__Problem to solve__. Give the records again exactly. Pictures do not belong in the copy.

[[ Raw data, beginning ]]

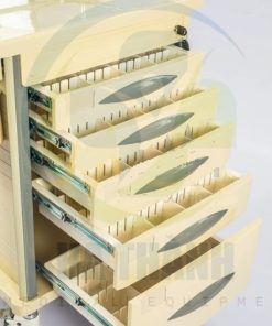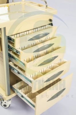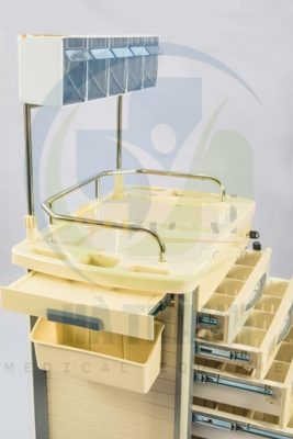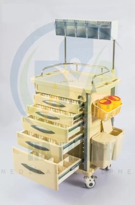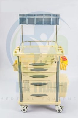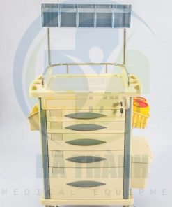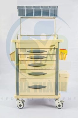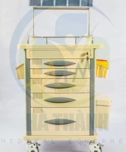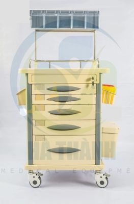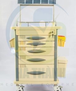 | Xe đẩy gây mê Kích thước: 750*475*930mm 1) Tấm nóc đúc nhựa ABS 2) Bên trên có 1 hàng hộp chứa 3) Có 5 ngăn kéo có khóa trung tâm gồm: 2 ngăn kéo nhỏ, 2 ngăn kéo trung và 1 ngăn kéo lớn (bên trong các ngăn kéo có bộ chia ô giúp chia mỗi ngăn kéo ra thành nhiều ô nhỏ nhiều kích thước khác nhau) 4) Trước mỗi hộc kéo có chỗ gắn nhãn. 5) 2 bên nóc tủ có 1 bàn trượt có thể xếp vào mở ra, có hộp chứa kim tiêm. 6) Bên phải xe có 2 hộp đựng rác. 7) Bên phải xe có hộp đựng đa năng. 8) Cột xe làm băng hợp kim nhôm. 9) Có 4 bánh xe cao cấp chống ồn (2 cái có khóa) Model: AT-75002A |
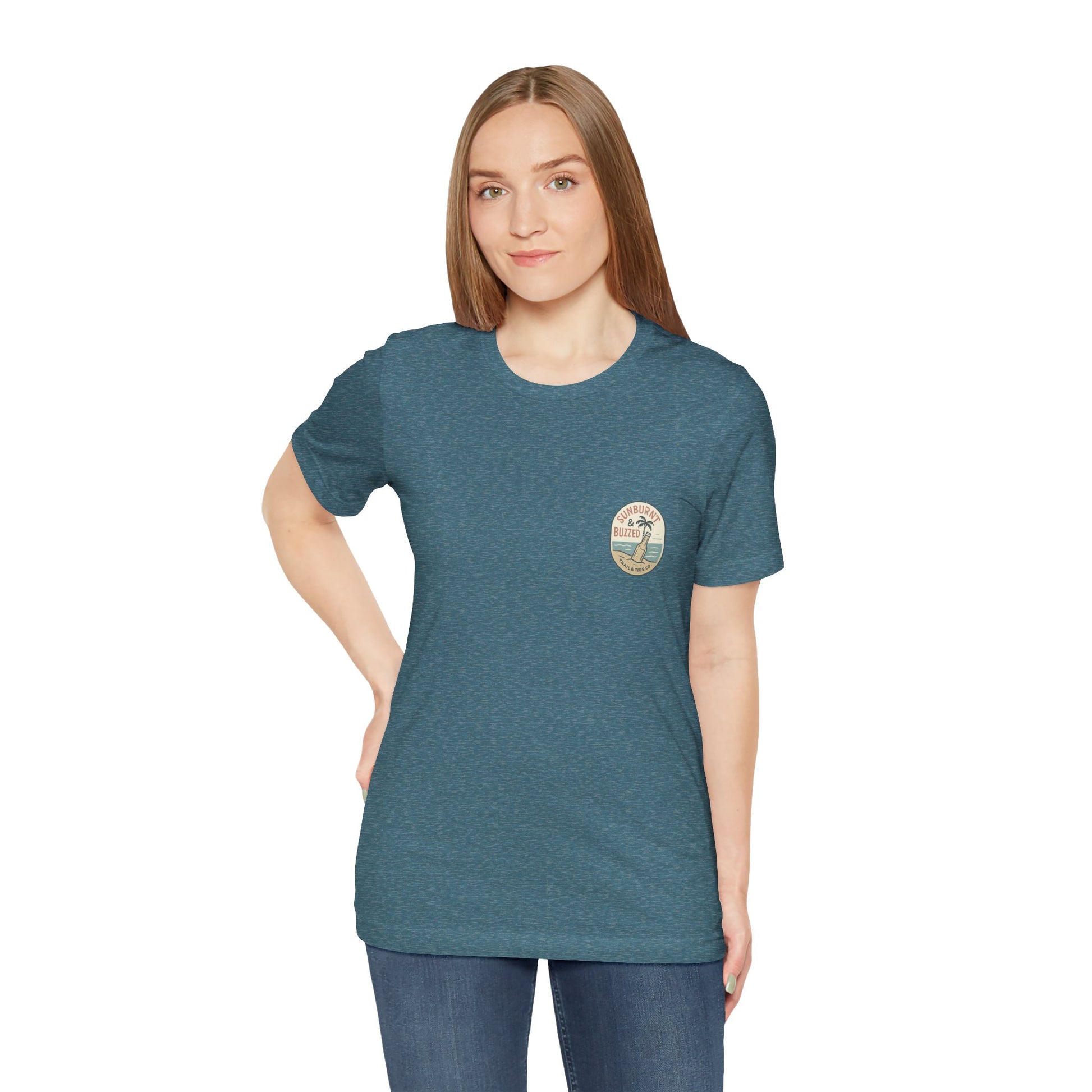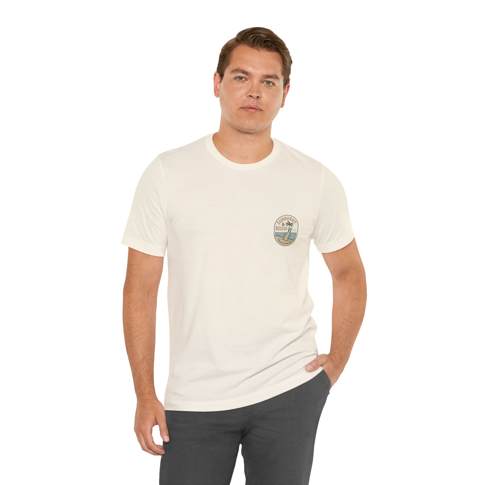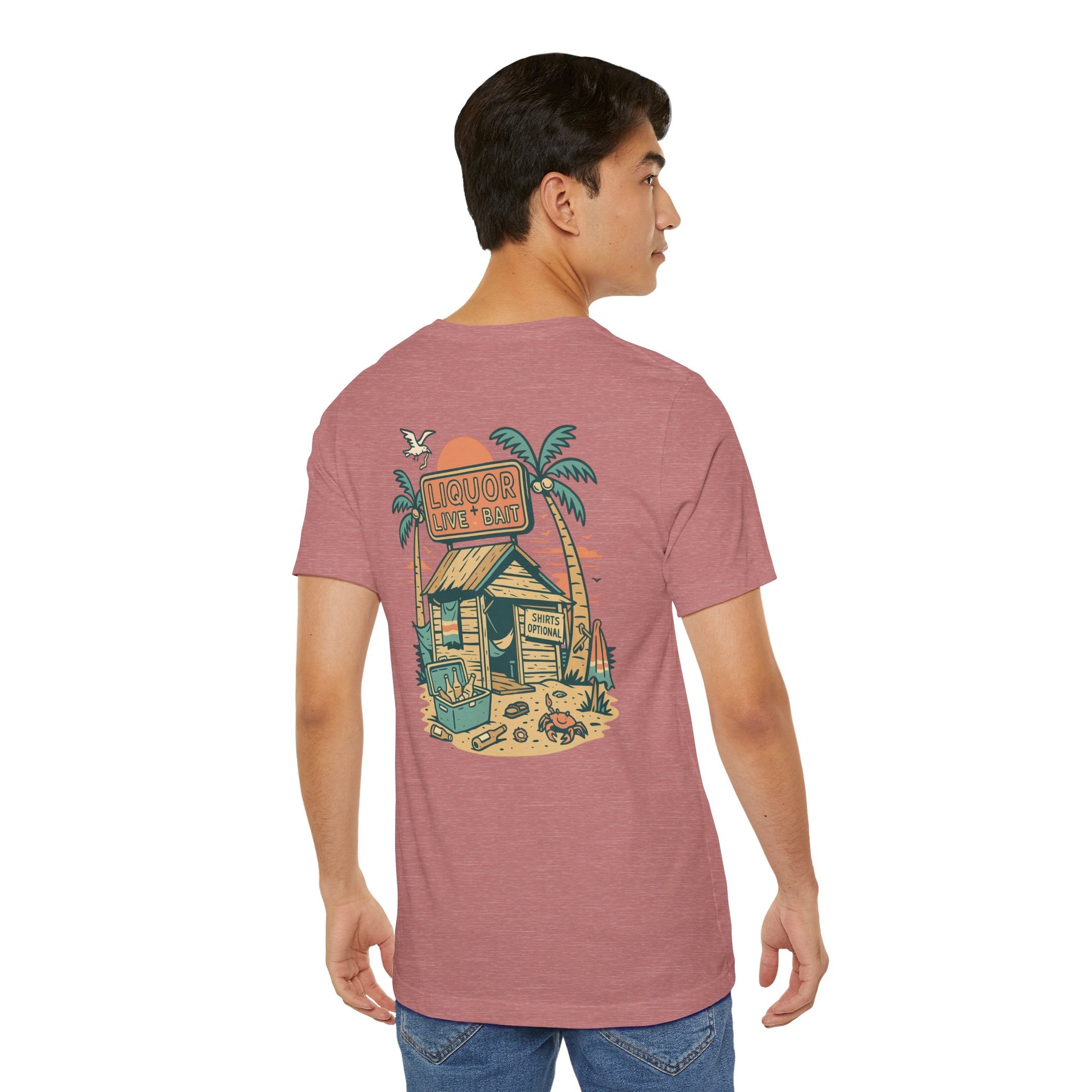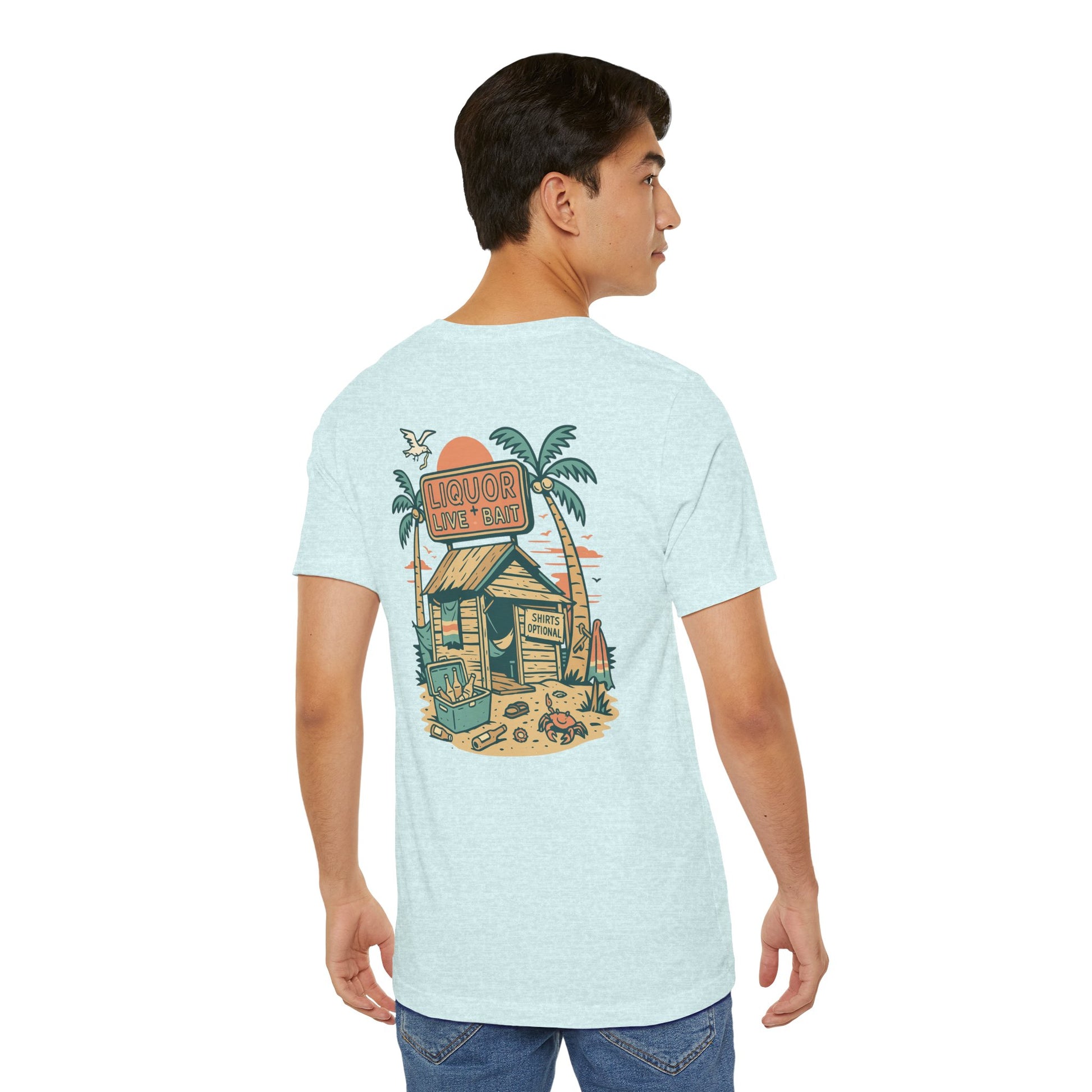 Whether you're stumbling into a beach bar or just dreaming of sandy sunsets, the Sunburnt & Buzzed Tee brings the party with you. This playful design features a laid-back tropical shack slinging “Liquor, Live Bait & Vibes,” complete with a crab, cooler, and an open-door policy—shirts optional. Perfect for sun-chasers, beer-lovers, and coastal drifters, it's a warm-weather statement that doesn't take itself too seriously.
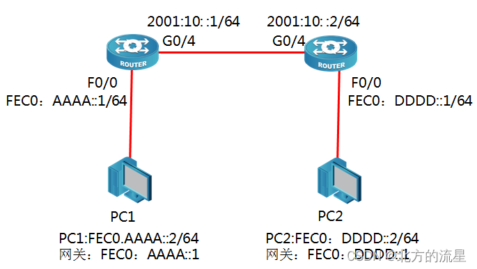 R2_config-_f0/0#ipv6 address fec0:dddd::1/64 // f0/0接口配置IPv6私有地址
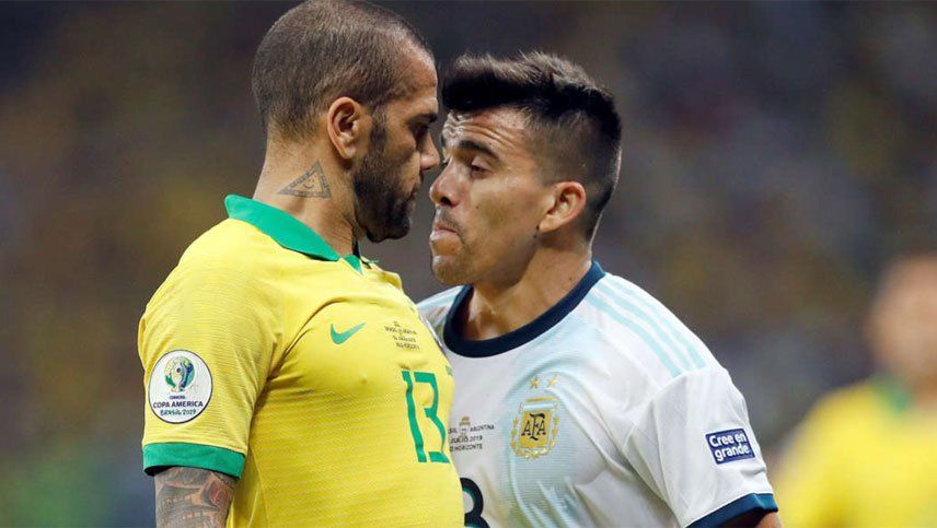 Cuando se jugaban 39 minutos del primer tiempo entre Argentina y Brasil, Marcos Acuña su cruzó con Dani Alves y quedaron cara a cara.
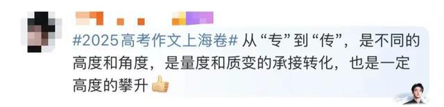 6月7日上午11:30,2025年全国高考的首场语文考试结束。今年上海的高考作文题由“专”“转”“传”三个字而来,提及有...
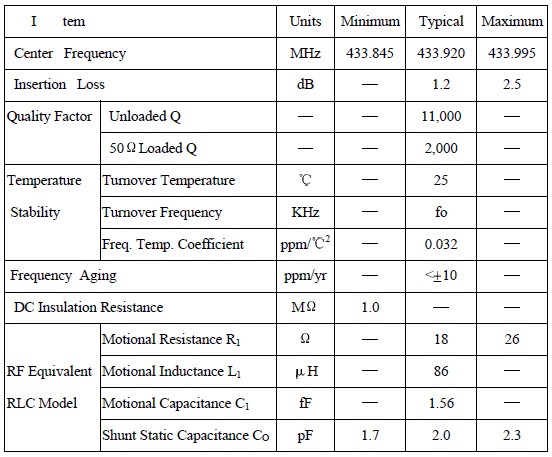 R433.92M濾波器,TO-39聲表濾波器,圓形濾波器
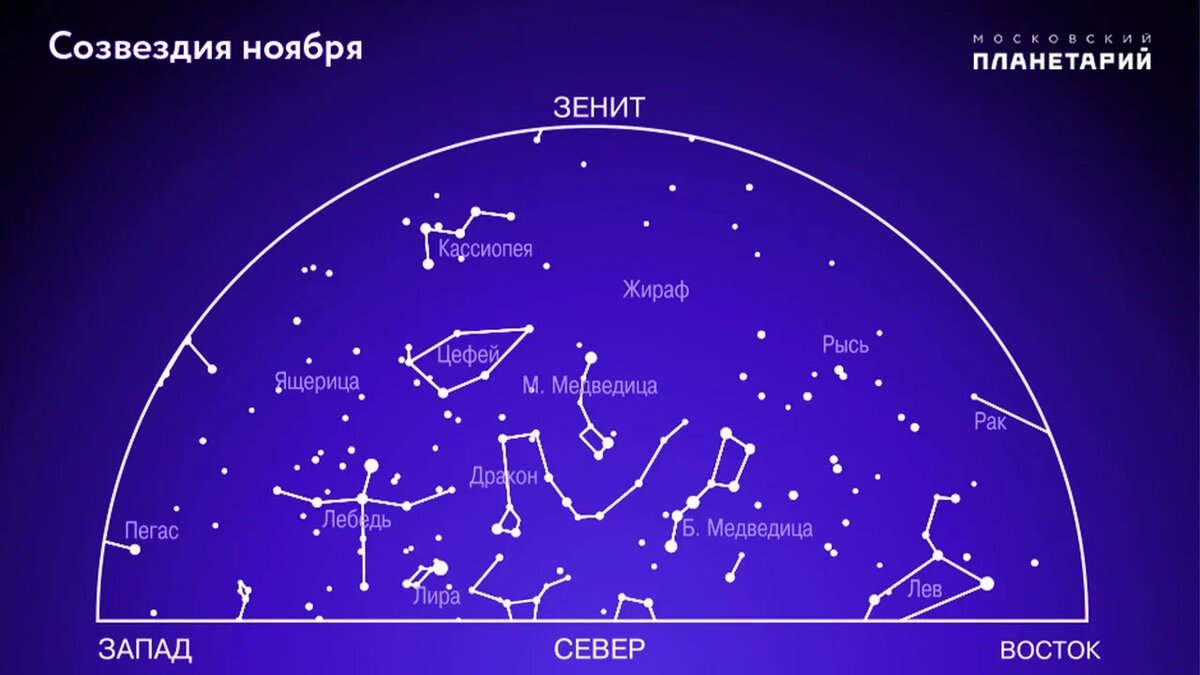 Красиво ночное звёздное небо ноября. В ясную морозную ночь над горизонтом можно увидеть все яркие звёзды зимних созвездий. В ноябре после полуночи на востоке из-за горизонта поднимается созвездие Лев с яркой звездой Регул, а на северо–востоке, высоко над горизонтом располагается Большая Медведица. На севере легко найти Полярную звезду в Малой Медведице и Дракона. Высоко в зените узнаваемый «Домик» созвездия Цефей и «Перевернутая М» Кассиопеи. На северо-западе, также вблизи горизонта, видны созвездия Лира и Лебедь – ярко сияют Вега и Денеб. В южной части неба, недалеко от зенита, можно полюбоваться созвездием Персей, слева от него – Возничий, под ним – Телец, а еще ниже и левее (восточнее) – созвездие Орион с яркими звездами – красной Бетельгейзе и голубоватыми Ригелем и Беллатриксом. На юго-западе высоко расположены Пегас и Андромеда, под ними у горизонта – Кит. На юго-востокевысоко видны Близнецы, под ними – Малый Пес с яркой звездой Процион, а вблизи горизонта сияет ярчайшая звезда

[[ Raw data, end ]]

__Exercise result__.
 | Xe đẩy gây mê Kích thước: 750*475*930mm 1) Tấm nóc đúc nhựa ABS 2) Bên trên có 1 hàng hộp chứa 3) Có 5 ngăn kéo có khóa trung tâm gồm: 2 ngăn kéo nhỏ, 2 ngăn kéo trung và 1 ngăn kéo lớn (bên trong các ngăn kéo có bộ chia ô giúp chia mỗi ngăn kéo ra thành nhiều ô nhỏ nhiều kích thước khác nhau) 4) Trước mỗi hộc kéo có chỗ gắn nhãn. 5) 2 bên nóc tủ có 1 bàn trượt có thể xếp vào mở ra, có hộp chứa kim tiêm. 6) Bên phải xe có 2 hộp đựng rác. 7) Bên phải xe có hộp đựng đa năng. 8) Cột xe làm băng hợp kim nhôm. 9) Có 4 bánh xe cao cấp chống ồn (2 cái có khóa) Model: AT-75002A |
 Whether you're stumbling into a beach bar or just dreaming of sandy sunsets, the Sunburnt & Buzzed Tee brings the party with you. This playful design features a laid-back tropical shack slinging “Liquor, Live Bait & Vibes,” complete with a crab, cooler, and an open-door policy—shirts optional. Perfect for sun-chasers, beer-lovers, and coastal drifters, it's a warm-weather statement that doesn't take itself too seriously.
 R2_config-_f0/0#ipv6 address fec0:dddd::1/64 // f0/0接口配置IPv6私有地址
 Cuando se jugaban 39 minutos del primer tiempo entre Argentina y Brasil, Marcos Acuña su cruzó con Dani Alves y quedaron cara a cara.
 6月7日上午11:30,2025年全国高考的首场语文考试结束。今年上海的高考作文题由“专”“转”“传”三个字而来,提及有...
 R433.92M濾波器,TO-39聲表濾波器,圓形濾波器
 Красиво ночное звёздное небо ноября. В ясную морозную ночь над горизонтом можно увидеть все яркие звёзды зимних созвездий. В ноябре после полуночи на востоке из-за горизонта поднимается созвездие Лев с яркой звездой Регул, а на северо–востоке, высоко над горизонтом располагается Большая Медведица. На севере легко найти Полярную звезду в Малой Медведице и Дракона. Высоко в зените узнаваемый «Домик» созвездия Цефей и «Перевернутая М» Кассиопеи. На северо-западе, также вблизи горизонта, видны созвездия Лира и Лебедь – ярко сияют Вега и Денеб. В южной части неба, недалеко от зенита, можно полюбоваться созвездием Персей, слева от него – Возничий, под ним – Телец, а еще ниже и левее (восточнее) – созвездие Орион с яркими звездами – красной Бетельгейзе и голубоватыми Ригелем и Беллатриксом. На юго-западе высоко расположены Пегас и Андромеда, под ними у горизонта – Кит. На юго-востокевысоко видны Близнецы, под ними – Малый Пес с яркой звездой Процион, а вблизи горизонта сияет ярчайшая звезда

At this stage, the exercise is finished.